Не из рассказов ли Кандинского, не из его ли встреч и бесед с немецким молодым писателем вышла эта симпатичная фигура, эта понимающая и умная женщина, которой можно рассказать самые заветные мысли и странные придумки, приходящие в голову молодому ищущему художнику? Она-то и поймет. Русская душа открыта опасным догадкам, искусительным странствиям за линию запрета, в область непозволительного. (В послевоенном романе Томаса Манна «Волшебная гора» именно русская героиня понимает такие вещи о людях, жизни и смерти, которые европейцу не полагается понимать, не хочется понимать и о которых боязно даже догадываться.)
Или же Томас Манн использовал при описании своей героини впечатления от двух сразу русских женщин — от реальной художницы Марианны Веревкиной и от фигурировавшей в воспоминаниях Кандинского тетки Лизаветы Ивановны? Не сливались ли эти два персонажа в воображении писателя, быстро поднимающегося к вершинам своего искусства? Впрочем, это уже совсем бездоказательные догадки. Оставим их здесь на правах случайных гостей. Но давать им много воли не станем.

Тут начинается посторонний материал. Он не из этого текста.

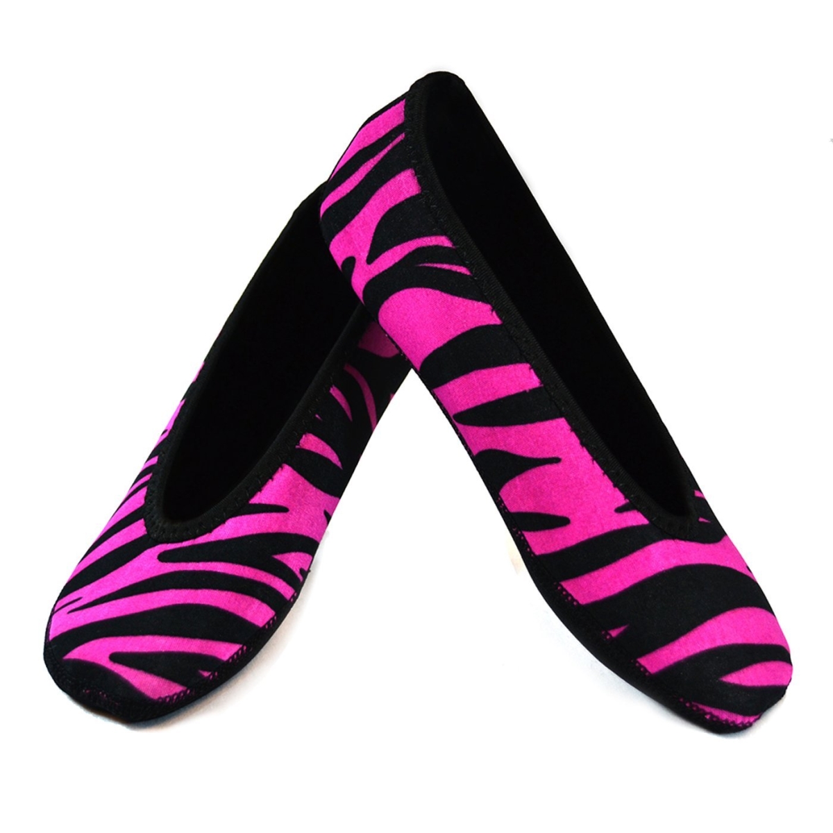 NuFoot Ballet Flats Women's Shoes, Foldable & Flexible Flats, Slipper Socks, Travel Slippers & Exercise Shoes, Dance Shoes, Yoga Socks, House Shoes, Indoor Slippers, Pink Zebra, Medium

Вероятно, смыслы картин раннего Кандинского связаны с мюнхенским кругом, с пантеизмом Франца Марка и мистицизмом Явленского и Веревкиной, с «космогоническим эросом» Клагеса и с боговидением Рильке. С философией нового языка у Гофмансталя. Разумеется, если смотреть в более отдаленной перспективе — с философией Владимира Соловьева и прозрениями Дмитрия Мережковского. С ними у него есть явные созвучия. Он — их поля ягода, их формата личность. Мюнхенский концерт блестящих талантов наблюдал и описывал молодой и набирающий творческую мощь Томас Манн.

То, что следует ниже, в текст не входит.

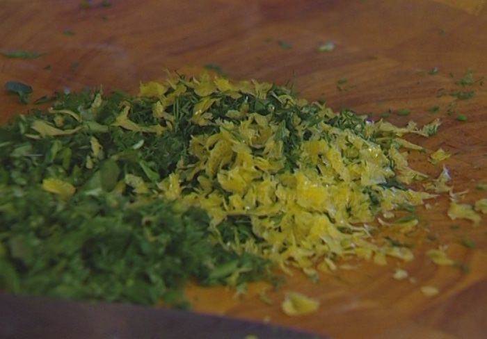 Соединить цедру с зеленью, посолить, поперчить и все перемешать.
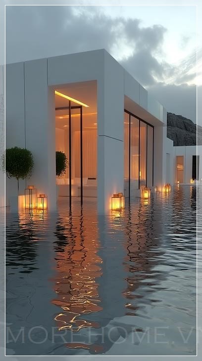 Hình ảnh một ngôi nhà bồng bềnh trên mặt nước phản chiếu, được bao quanh bởi khung cảnh siêu thực như tranh vẽ, đã khiến chúng ta phải suy ngẫm về bản chất của không gian sống. Đây không phải là một công trình kiến trúc thông thường - đây là điêu khắc sống động, là poetry được thể hiện qua bê tông và ánh sáng.

Такова почва и питательная среда, в которой существует наш герой, живописец и мыслитель, поэт и теоретик. Он оказался в правильном месте в правильное время. В таком окружении его бурные творческие потенции должны были проявиться с особенной отвагой и яркостью. Мы сейчас увидим, как распускаются эти цветы, как появляются удивительные картины мастера.
В качестве дополнения и своего рода иронического примечания следует также отметить, что в мюнхенском окружении и в европейской культуре тех лет наличествовали не только замечательные таланты и блестящие мастера мысли и слова, но и причудливые личности определенного рода, тянувшиеся к эзотерическим учениям. Так бывает. Рядом с гениями определенного рода часто обретаются поклонники и восторженные последователи, слегка (или даже основательно)

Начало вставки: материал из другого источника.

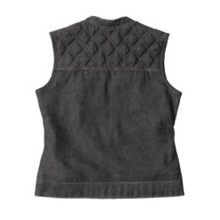 - Club style vest with one inch collar, covered snaps and hidden zipper

Рядом с Кандинским мелькают странные персонажи, чудаки и открыватели духовных измерений — экспонаты социальной кунсткамеры. Таков был энтузиаст Эрих Гут-кинд, проповедник «путешествий экстаза» и автор книги под выразительным названием «Сидерическое Рождение, или Серафическое Путешествие от Мировой Смерти к Крещению Деянием». По всей видимости, Кандинский благоволил этому странному человеку, в сущности, блаженному и трогательному. Как справедливо заметил менее терпеливый Франц Марк, книжку про сидерические и серафические дела читать было почти невозможно[48]. Он мягко выразился. Читать подобное, будучи нормальным человеком, вообще не следует. Кандинский наверняка понимал правоту друга Франца, но продолжал терпеливо общаться с чудаком и полубезумным искателем потусторонних прозрений.
Другим чудаком из окружения Кандинского был Дмитрие Митринович, боснийский мистик и, по всей видимости, незаурядная личность. Он пытался уговорить Кандинского основать «Ежегодник, подготавливающий объединение всех духовных наук». Василий Васильевич сочувственно описал встречи и разговоры с пламенным Митриновичем в письме Францу Марку и просил друга не сердиться за эти строки. Художник сам понимал, что имеет дело с блаженным, если не сумасшедшим. Но почему-то слушал этого фантазера и разговаривал с ним. Франц Марк, напротив, опасался и сторонился подобных носителей экстатической бациллы, ибо он ценил состояние душевной полноты и открытости, а психологически неуравновешенные экземпляры среди двуногих собратьев мешали ему содержать душу в порядке и равновесии. Брат Франц был прав, когда замечал, что, встречаясь с такими персонажами, как Гуткинд и Митринович, можно и самому повредиться умом. Но Кандинского что-то привлекало в этих как будто анекдотических персонажах, словно предназначенных для сцены кабаре.